The first essay, “The Beginnings of Biblical Illustration,” by John Lowden surveys all the surviving, illustrated biblical manuscripts ranging from ca. 400 up to the seventh century. Focusing on aspects of production and layout, Lowden observes that even within this small sample of fourteen works, a remarkable variety of approaches is evident in both the content and the layout of illustrations vis-à-vis the text. Rather than seeing these variations as reflections of different phases of development away from the “archetypal” rotulus format, Lowden reasons that they are products of a period of experimentation in which there was “no normative procedure for biblical illustration.” Moreover, he proposes that the entire range of image types—devotional images as well as author portraits and narrative illustrations—have their origins not in ancient text illustration, as Weitzmann had argued, but in monumental church decoration about 400. Lowden further challenges the traditional interpretation of Gregory the Great’s dictum as proof that church decoration was based on pictorial models in books. In Lowden’s reading of Gregory and earlier writers, a careful distinction is made “between the biblical book which contains the text, which you have to be able to read to understand, and the church, which contains the image which you can understand at some level without being a proficient reader” (55-56).

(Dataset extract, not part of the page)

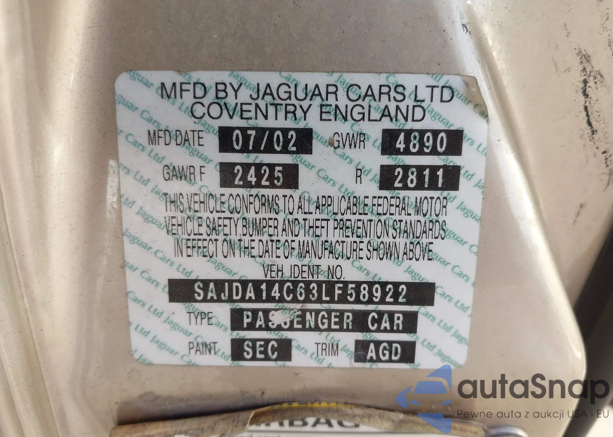 LOT: 44321302 VIN: SAJWJ1CD0G8V92072

Katrin Kogman-Appel focuses on a more strictly iconographical aspect of Weitzmann’s scholarship in her essay, “Bible Illustration and the Jewish Tradition.” In attempting to explain the presence of extrabiblical, Jewish elements in Old Testament illustration, Weitzmann argued that Jewish influence came into Christian Bible illustration primarily through the vehicle of earlier Jewish picture cycles. Heinrich Strauss and others, by contrast, have suggested that the rabbinical elements in Old Testament iconography derive from literary tradition, especially from early Church fathers who absorbed elements of Jewish exegesis into their own writings. Kogman-Appel opts for a middle ground. Emphasizing the need to distinguish the diverse sources of Jewish exegesis—apocryphal, midrashim, and nonrabbinical texts such as Philo and Josephus—she affirms that no proof of rabbinical elements exists in patristic sources, and argues against hypothetical, lost texts to explain Jewish elements in Christian iconography. She likewise rejects Weitzmann’s notion that the Dura frescoes and later Christian manuscripts, such as the Vienna Genesis, reflect an earlier Jewish cycle of text illustrations including the extrabiblical material. She reasonably proposes that Christian images, rarely influenced by Jewish pictorial cycles, instead absorbed Jewish motifs largely from nonrabbinical texts and in an ad hoc response to Jewish tradition at specific times and places where Church fathers and rabbis were in direct contact.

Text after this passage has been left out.